But, before we construct the sheaf we need, we need to realize that defining it on a basis for the topology is enough. Usually we need to define an object - in our case a ring - for each open set in a topological space $X$, satisfying a couple conditions. A basis for the topology on $X$ allows us to construct any other open set as a colimit of sets in the basis. When we apply the sheaf, then the rings we get for the general open sets can again be constructed as colimits of the rings we get from the open sets in the basis. Thus when we only define the sheaf for the basis elements, we are simultaneously defining it for all open sets, due to colimits of rings behaving nicely.
If we let $X$ be an affine algebraic set, then we define the sheaf of regular functions by
$$\mathcal{O}_X(D(f)) = \Gamma(X)_f$$
This means that for any standard open set $D(f)$, the elements in the ring associated to it by the sheaf $\mathcal{O}_X$, looks like fractions $\frac{a}{f^n}$, where $a\in \Gamma(X)$.

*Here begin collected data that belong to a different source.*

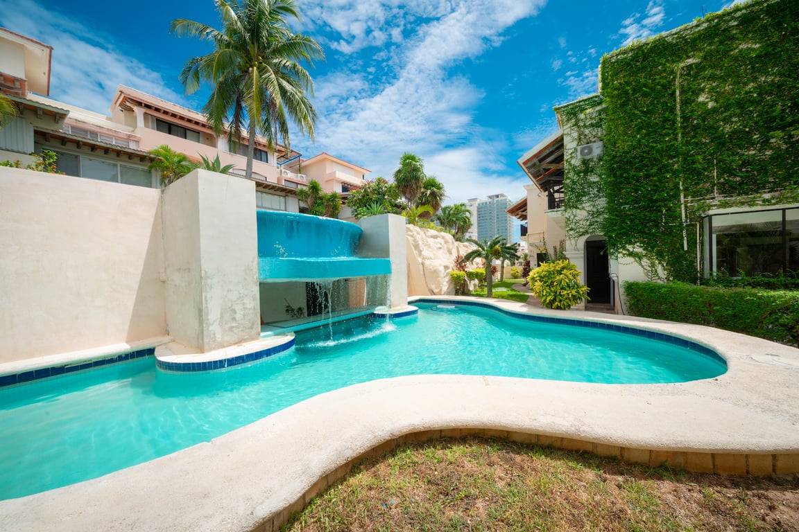 Life at Las Cascadas extends far beyond your private residence. The community features three swimming pools nestled within tropical gardens, natural waterfalls that create a serene soundtrack to daily life, a traditional palapa for gatherings, and multiple relaxation areas where you can unwind in complete privacy. Your location places you steps from world-class beaches, surrounded by the Hotel Zone's finest restaurants, championship golf courses, and premium shopping, yet tucked away in a peaceful enclave that feels worlds apart from the bustle.
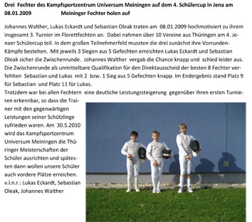 Drei Fechter des Kampfsportzentrum Universum Meiningen auf dem 4. Schülercup in Jena am 08.01.2009 Meininger Fechter holen auf
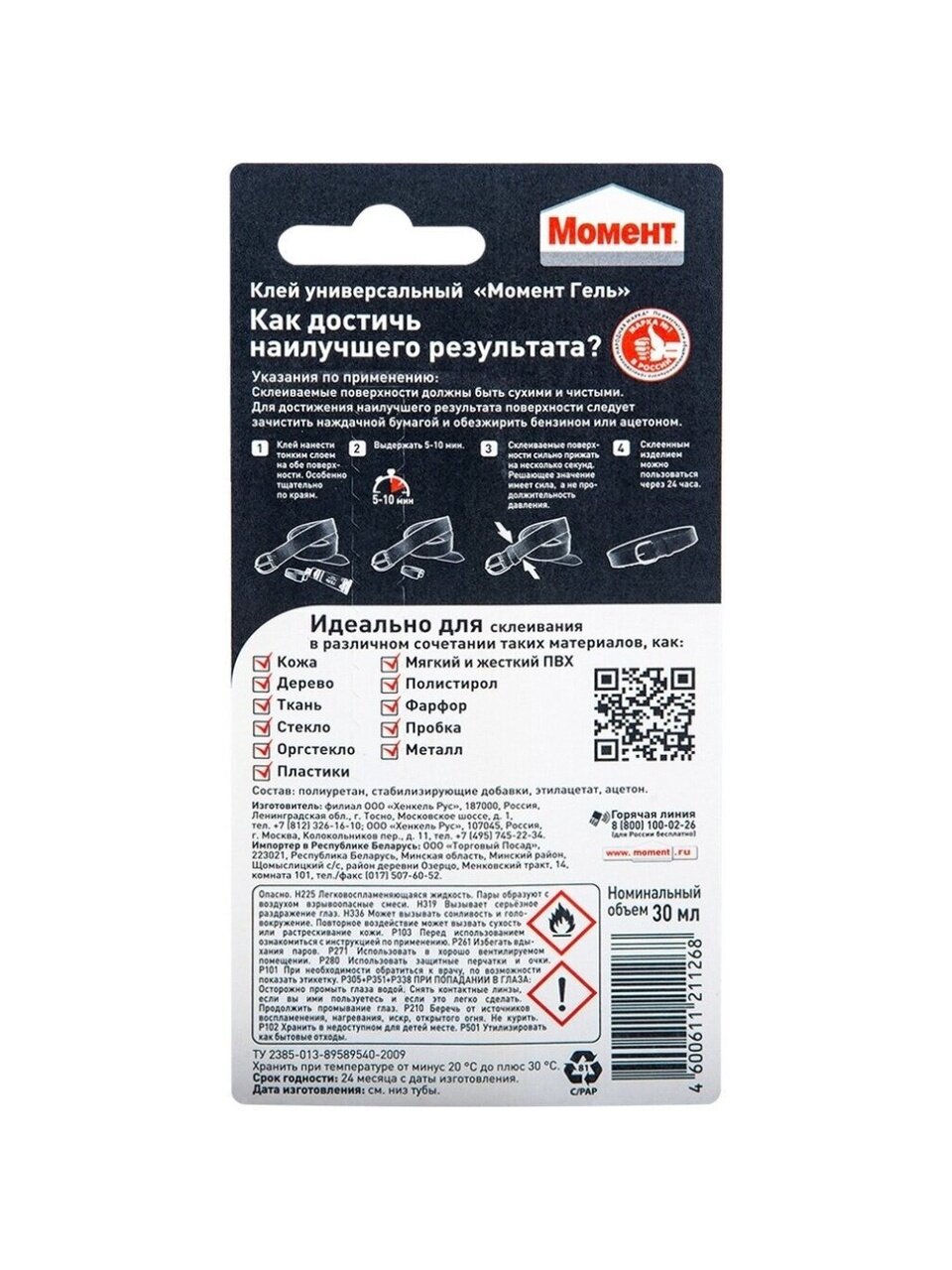 Вы можете приобрести «Клей Момент, универсальный, прозрачный, водостойкий, однокомпонентный, 30 мл, 997778, Гель» и другие товары в нашем интернет-магазине в Брянске по низким ценам и с бесплатным самовывозом.
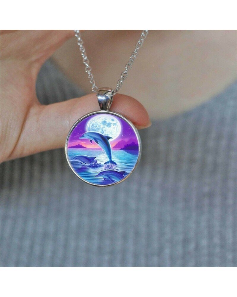 Nincs szín - Delfinek ugranak a Holdba Photo Cabochon üveg ezüst lánc medál nyaklánc
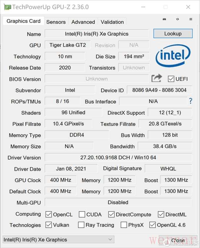 - 【显卡】:intel Iris Xe 核心显卡(96 个 EU 单元,1.3GHz)
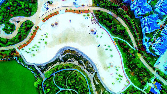 為此,承建方專門從海南三亞采集了1萬噸純天然海沙,整整裝滿了300多輛卡車,跋涉了1500多公里運(yùn)到長(zhǎng)興湖。整個(gè)沙灘面積占了東湖風(fēng)光帶的十分之一。
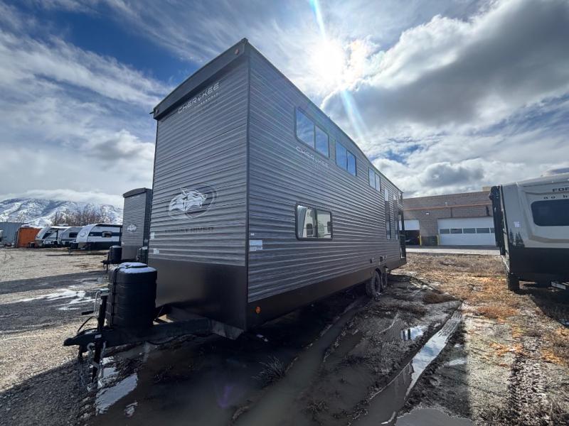 Enjoy comforts of home wherever you decide to roam in a Cherokee Timberwolf destination trailer by Forest River. Each trailer is made with quality construction materials, like with all Forest River products, plus you'll find convenient exterior features to make extended stays easier than ever. You will love the interior with its cozy sleeping arrangements, full bath and kitchen amenities, plus plenty of storage spaces for food, clothing, gear and more! With mini loft and full-size destination trailers available, you're sure to find a Cherokee Timberwolf that fits your needs!
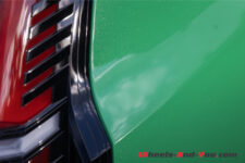 Notre R5 dispose également de l’option toit noir qui associe une bande de couleur rouge ou jaune délimitant la chape de l’auto. Nous avons hérité de la bande rouge et personnellement, je n’aime pas trop cette combinaison avec la teinte Green Pop. Si les coloris trop voyants vous déplaisent, la R5 arbore aussi un style attrayant en blanc. Ce sont surtout les robes foncées qui, je trouve, amenuisent son charme.
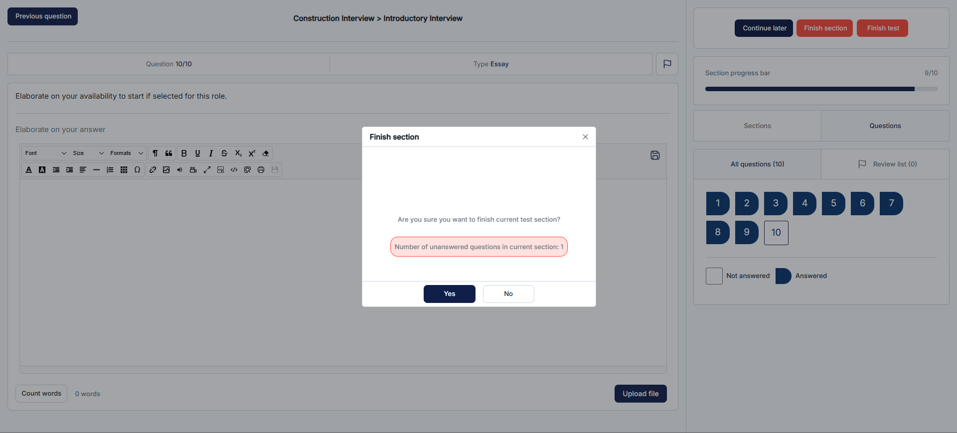 From the candidate’s perspective, the Unanswered questions message feature provides valuable clarity during the test-taking process. When this feature is enabled, the test taker will receive a message showing the total number of unanswered questions when they click the Finish test button. This immediate feedback empowers candidates to identify and potentially answer missed questions before submitting their test.
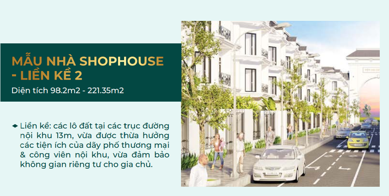 – Cơ cấu sản phẩm: 331 lô Shophouse & Liền kề, 15 lô Shop Villa & Biệt thự
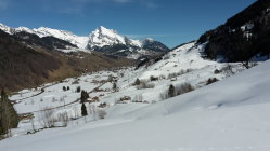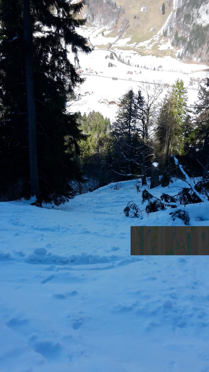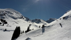 In der Morgenfrühe hart/Pulver unten und im Wald, im Westhang schön hart und griffig, auf dem Rücken dann zunächst pulvrig gegen oben immer eisiger und im Steilhang zuoberst so hart, dass man die Hangmitte nicht verlassen sollte (Absturzgefahr).
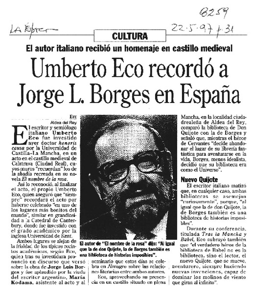 Umberto Eco recordó a Jorge L. Borges en España. [artículo]
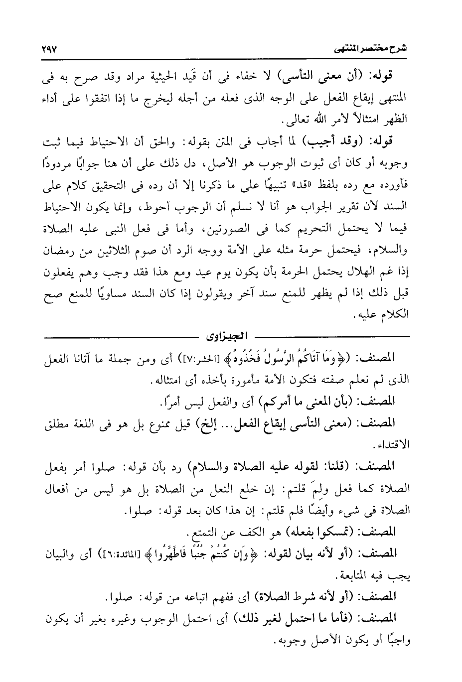 قوله: (أن معنى التأسى) لا خفاء فى أن قَيد الحيثية مراد وقد صرح به فى المنتهى إيقاع الفعل على الوجه الذى فعله من أجله ليخرج ما إذا اتفقوا على أداء الظهر امتثالًا لأمر اللَّه تعالى.
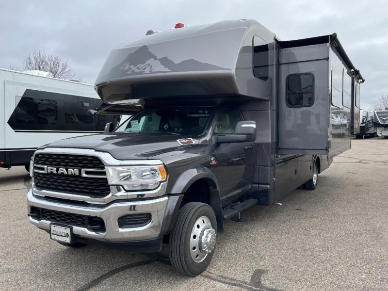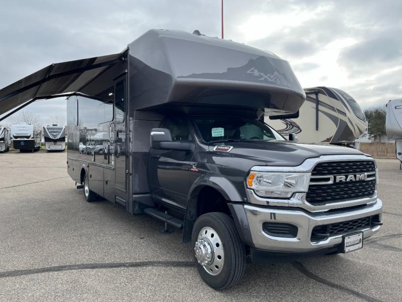 Each one of these Dynamax isata 5 Super C diesel motorhomes offer control, comfort, and stability thanks to the Ram 5500 SLT chassis with factory 4-wheel drive! They are powered by a Cummins 6.7L I6 turbo diesel engine and an AISIN HD 6-speed automatic transmission. Their construction consists of 2" aluminum-framed, laminated sidewalls with block foam insulation, composite exterior fiberglass, and a composite flooring substrate that is lightweight and moisture resistant. You will see their attention to detail everywhere you look including ambient lighting, premium cut and buffed paint finish, and a water filtration system for clean water where ever you go. They even have a single 190 watt solar panel with a 30 amp controller so you can go off the grid. Come check out your favorite model today!
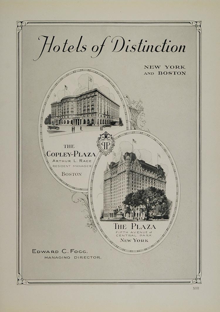 This is an original 1924 black and white print ad for two hotels of distinction--The Copley-Plaza of Boston, Arthur L. Race, Resident Manager; and The Plaza of New York City. Edward C. Fogg, Managing Director.
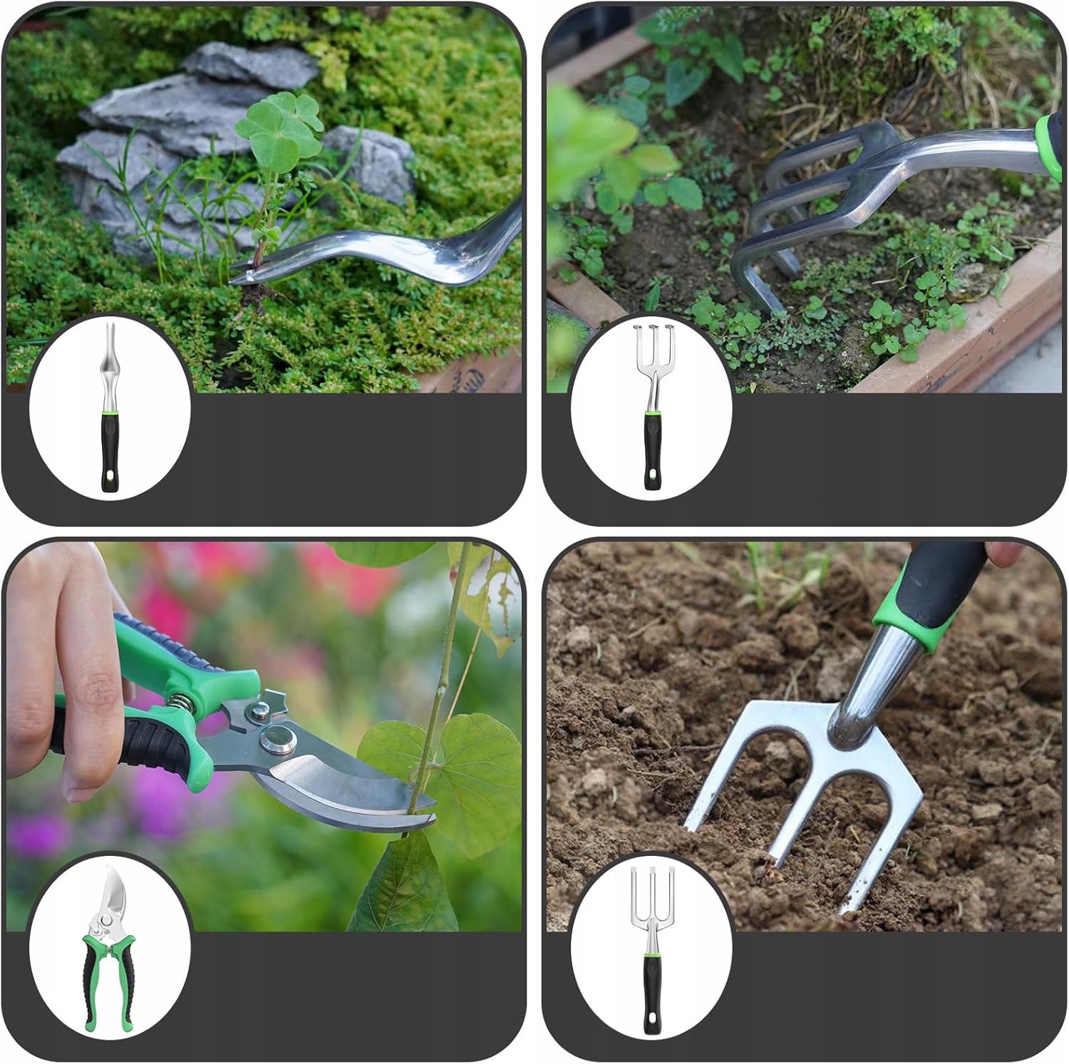 🌿 Полный набор из 11 садовых инструментов в практической сумке - идеально подходит для любителей садоводства! В комплект включает в себя: большой шпатель, шпатель со шкалой, трезубец, вилка, инструмент для удаления корней, садовые ножницы, поливная банка, сумка, перчатки, шнур и питательные вещества. коррозия.
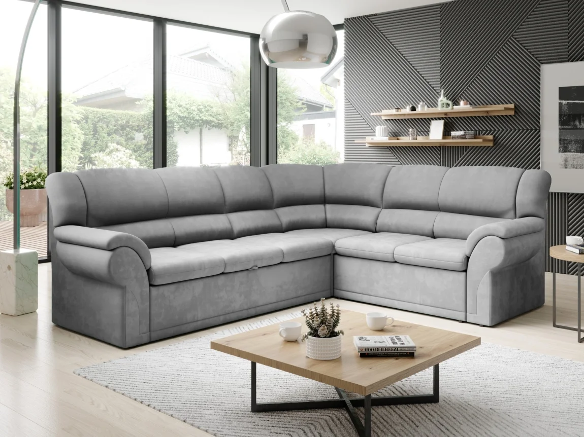 Elegantní rohová sedačka s rozkladem poskytuje pohodlí pro každodenní odpočinek i pro hosty. Provedení je pravé rohové provedení, které se hodí do specifických dispozic interiéru. Potahová látka Monolith 84 v jemně světle šedé barvě působí moderně a jednoduše se udržuje. Konstrukce kombinuje vlnité pružiny a polyuretanovou pěnu T30 pro pevné a pohodlné sezení. Nohy jsou plastové a dodávají sedačce stabilitu. Rozměry činí 270 x 220 x 93 cm (dxšxv); výška sedu 45 cm a hloubka 50 cm. Prostor pro spaní má rozměry 205 x 120 cm a úložný prostor 91 x 69 cm. Dodáváme v demontu pro pohodlnou přepravu. Obrázek ukazuje rozloženou sedačku i variantu s úložným prostorem; skutečná barva může být jiná, ale světle šedá verze skvěle zapadne do moderního interiéru.
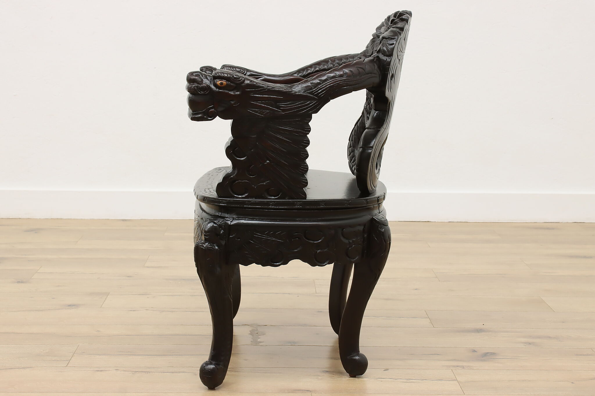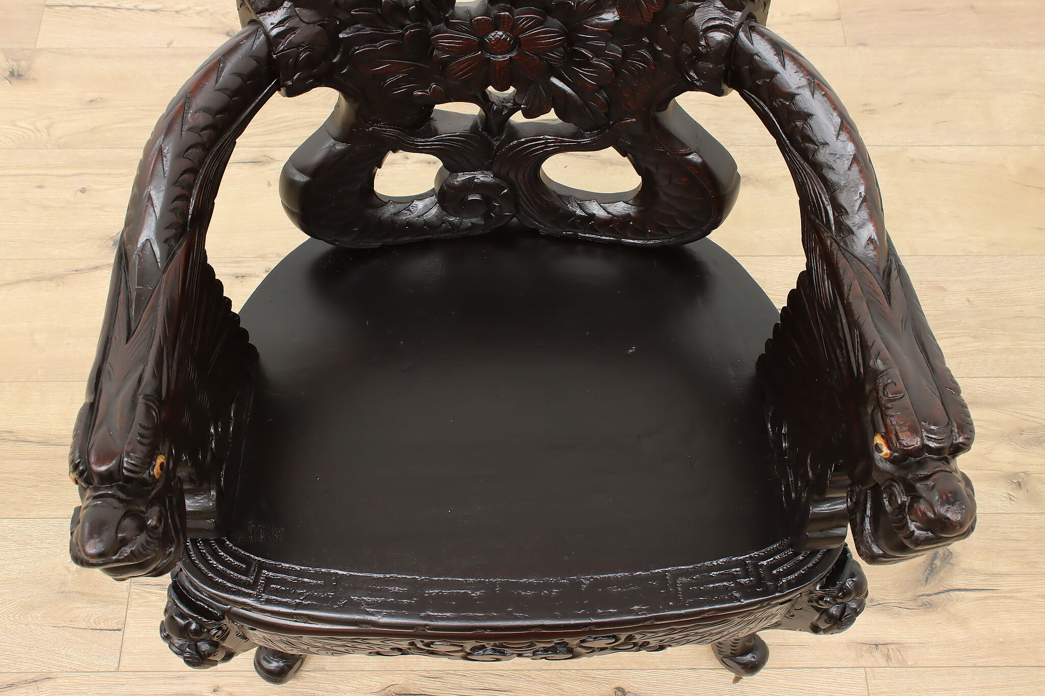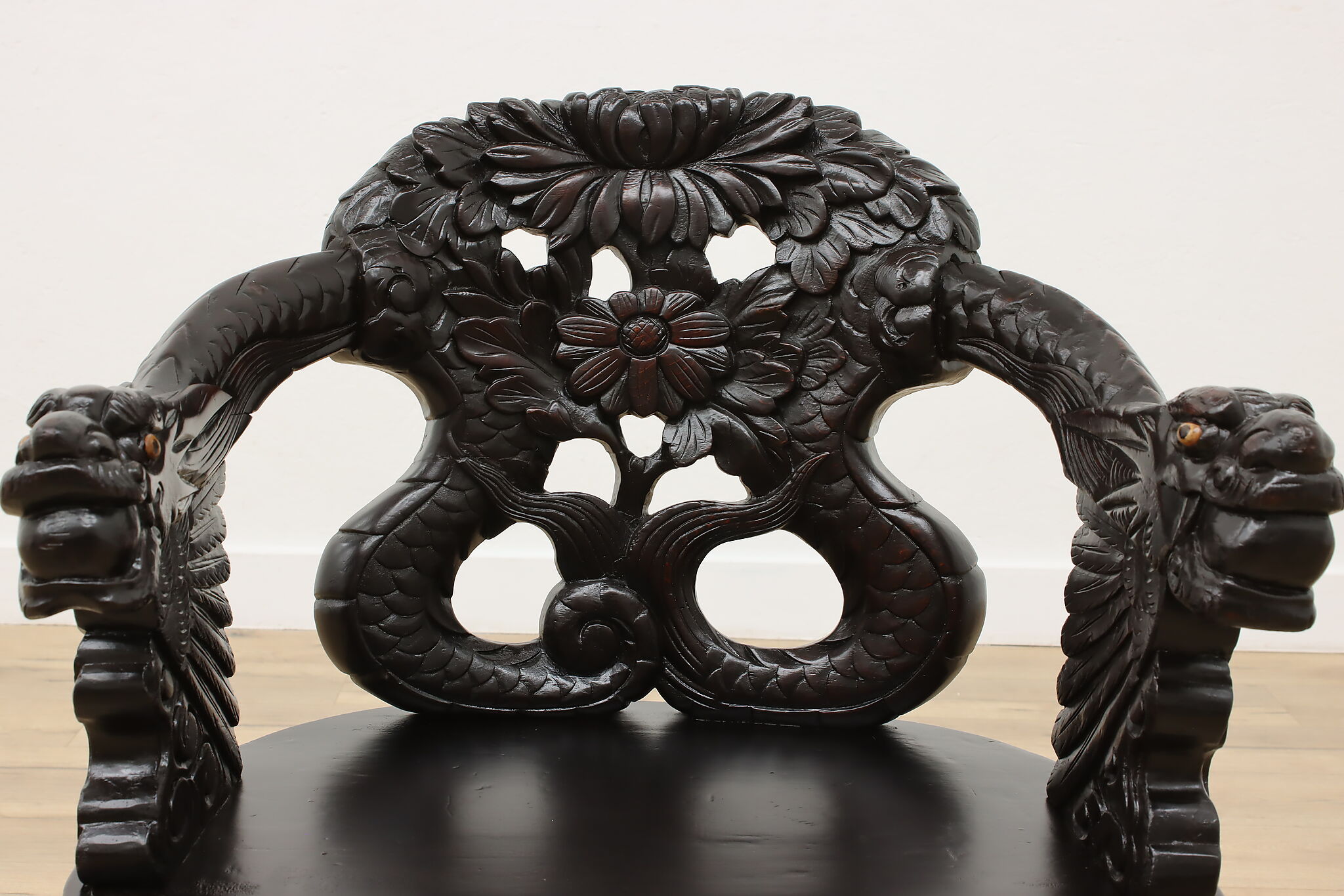 Feel like royalty as you watch over your kingdom from this gorgeously carved chair with its impressive dragon arms.

We have not covered stalks and germs of sheaves yet, but intuitively stalks are what the sheaf does really really close to a point $x\in X$. To be more precise, the stalk of $\mathcal{O}_ X$ at the point $x$, is defined as the colimit $colim_{x\in U} \mathcal{O}_ X(U)$, and is denoted by $\mathcal{O}_{X,x}$. For the above defined sheaf, every stalk inherits a ring structure, as the colimit of rings is again a ring. Every stalk is in fact a local ring, which by the way, is the reason for why $(-)_f$ is called localization, and the reason for calling rings local in the first place. Intuitively, we “zoom in” to the smallest open set around a point $x\in X$, and there, the regular functions looks like the ring of global regular functions $\Gamma(X)$, localized at the maximal ideal that corresponds to the point $x$.
Varieties
This means that we can turn any affine algebraic set into a ringed space by letting the associated sheaf be the sheaf of regular functions. We can then define what an affine algebraic variety is.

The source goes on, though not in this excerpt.